* [Task prompt] Return the entries verbatim and drop every picture.

(Beginning of Information shown)

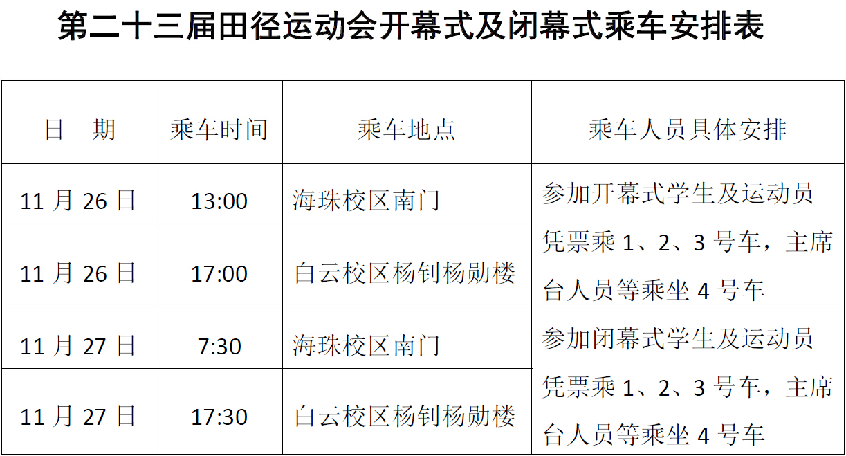 2.第二十三届田径运动会开幕式及闭幕式乘车安排表
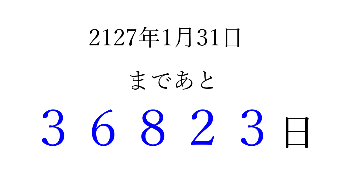 2127年1月31日(金)まで あと 99999 日です 追加すると、トップページからすぐ選べるようになります ※2026/04/07現在の結果です。 最新の状態に更新する ↓シェアして、タイムライン上にカウントダウンを表示しよう!↓ 📤 この結果を共有する Tweet シェア Threads Bluesky 別の日付でカウントダウン 2127年1月のカレンダー このページをブックマークに追加すると、いつでもカウントダウンを確認できます。 (PC: Ctrl+D / Mac: ⌘+D) hitome-notes.comでは以下のページも運営しています。 指定日と期間から日付を計算 | ガチャ確率計算・シミュレーション | プライバシー・ポリシー 運営者:Avocado
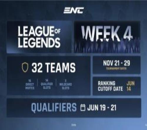 共有32支國家隊將參加2026 ENC的《英雄聯(lián)盟》項目。16支隊伍將通過新制定的ENC國家隊排名而被直接邀請。排名前8的隊伍將直接進入小組賽階段,而排名第9至16位的隊伍將從入圍賽階段開始。另外14支隊伍將通過各地區(qū)線上預(yù)選賽產(chǎn)生,最后2個名額通過外卡方式頒發(fā)。
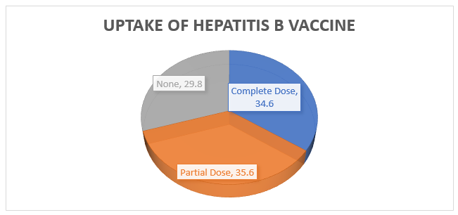 Limitations of the study: participants were not screened for HBV immunoglobulin level to determine their vaccination status nor was any evidence of vaccination demanded. The study relied sorely on the participant’s ability to recollect their vaccination history.
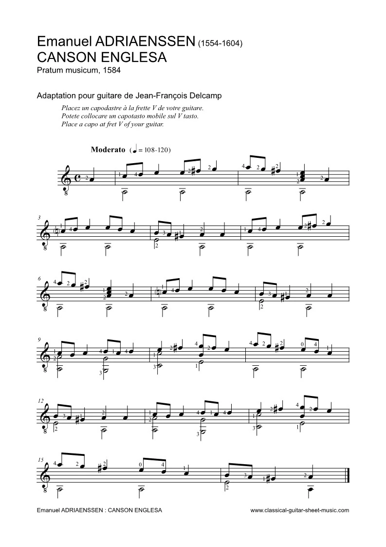 Content : Anonyme : Greensleeves – Gwin ar c’hallaoued – Maro Pontkalleg – Passemeze – Valse en sol – Vidalita – O cravo e a rosa – Carnavalito – Samba lele – Nesta rua – Giorgio Mainerio : Schiarazula Marazula – Guillaume Morlaye : Gaillarde – Adrian Le Roy : Branles de Bourgogne n° 1 et 3 – Emmanuel Adriaenssen : Branle anglais – Santino Garsi da Parma : Correnta – Francis Cutting : Packington’s Pound – Gaspar Sanz : Abecedario italiano – Canciones – Clarin de los mosqueteros – Clarines y trompetas – Dance de las hachas – Españoleta – Folias – Gallarda – Jacaras – La Buelta – La Coquina Francesa – La Garzona – La minima de Portugal – La Miñona de cataluña – Lantururu – Las hachas – Le Esfacheta de Napoles – Paradetas – Pavana – Rujero – Johann Kaspar Fischer : Gavotte – Turlough O’Carolan : Brian Boru’s March – Johann Sebastian Bach : Menuets BWV 1007 – Michel Corrette : Aux armes camarades – Ramonez-ci ramonez-là – Joseph Haydn : Menuet – Ferdinando Carulli : Allegretto – Andante – Arpeggi – 2 Valses – Prélude 4 opus 114 – Antonio Nava : Valse – Fernando Sor : Exercice n°1 et 2 opus 35 – Leçons opus 60 n°7, 11, 12, 13 et 14 – Niccolò Paganini : Ghiribizzi 1, 23 – Valtz – Dionisio Aguado : Egercicios n°4 et 7 Op.6 – Ejercicio n°4 – Leccion n°15 et 19 – Matteo Carcassi : Allegretto – Andantino – Marche – Valse – José Ferrer Y Esteve : Ejercicio n°9 – Jean-François Delcamp : Tango – Malagueña fácil – Avec la gamme pentatonique – Préambule – En barque – Exercices : Accords – Arpèges – Cejilla – Éteintes des résonances – Extensions – Gammes – Glissando – Legato, staccato – Liaisons – Mordants et trilles – Improvisation.

(End of Information shown)

* [Answer to this task]
 2.第二十三届田径运动会开幕式及闭幕式乘车安排表
 2127年1月31日(金)まで あと 99999 日です 追加すると、トップページからすぐ選べるようになります ※2026/04/07現在の結果です。 最新の状態に更新する ↓シェアして、タイムライン上にカウントダウンを表示しよう!↓ 📤 この結果を共有する Tweet シェア Threads Bluesky 別の日付でカウントダウン 2127年1月のカレンダー このページをブックマークに追加すると、いつでもカウントダウンを確認できます。 (PC: Ctrl+D / Mac: ⌘+D) hitome-notes.comでは以下のページも運営しています。 指定日と期間から日付を計算 | ガチャ確率計算・シミュレーション | プライバシー・ポリシー 運営者:Avocado
 共有32支國家隊將參加2026 ENC的《英雄聯(lián)盟》項目。16支隊伍將通過新制定的ENC國家隊排名而被直接邀請。排名前8的隊伍將直接進入小組賽階段,而排名第9至16位的隊伍將從入圍賽階段開始。另外14支隊伍將通過各地區(qū)線上預(yù)選賽產(chǎn)生,最后2個名額通過外卡方式頒發(fā)。
 Limitations of the study: participants were not screened for HBV immunoglobulin level to determine their vaccination status nor was any evidence of vaccination demanded. The study relied sorely on the participant’s ability to recollect their vaccination history.
 Content : Anonyme : Greensleeves – Gwin ar c’hallaoued – Maro Pontkalleg – Passemeze – Valse en sol – Vidalita – O cravo e a rosa – Carnavalito – Samba lele – Nesta rua – Giorgio Mainerio : Schiarazula Marazula – Guillaume Morlaye : Gaillarde – Adrian Le Roy : Branles de Bourgogne n° 1 et 3 – Emmanuel Adriaenssen : Branle anglais – Santino Garsi da Parma : Correnta – Francis Cutting : Packington’s Pound – Gaspar Sanz : Abecedario italiano – Canciones – Clarin de los mosqueteros – Clarines y trompetas – Dance de las hachas – Españoleta – Folias – Gallarda – Jacaras – La Buelta – La Coquina Francesa – La Garzona – La minima de Portugal – La Miñona de cataluña – Lantururu – Las hachas – Le Esfacheta de Napoles – Paradetas – Pavana – Rujero – Johann Kaspar Fischer : Gavotte – Turlough O’Carolan : Brian Boru’s March – Johann Sebastian Bach : Menuets BWV 1007 – Michel Corrette : Aux armes camarades – Ramonez-ci ramonez-là – Joseph Haydn : Menuet – Ferdinando Carulli : Allegretto – Andante – Arpeggi – 2 Valses – Prélude 4 opus 114 – Antonio Nava : Valse – Fernando Sor : Exercice n°1 et 2 opus 35 – Leçons opus 60 n°7, 11, 12, 13 et 14 – Niccolò Paganini : Ghiribizzi 1, 23 – Valtz – Dionisio Aguado : Egercicios n°4 et 7 Op.6 – Ejercicio n°4 – Leccion n°15 et 19 – Matteo Carcassi : Allegretto – Andantino – Marche – Valse – José Ferrer Y Esteve : Ejercicio n°9 – Jean-François Delcamp : Tango – Malagueña fácil – Avec la gamme pentatonique – Préambule – En barque – Exercices : Accords – Arpèges – Cejilla – Éteintes des résonances – Extensions – Gammes – Glissando – Legato, staccato – Liaisons – Mordants et trilles – Improvisation.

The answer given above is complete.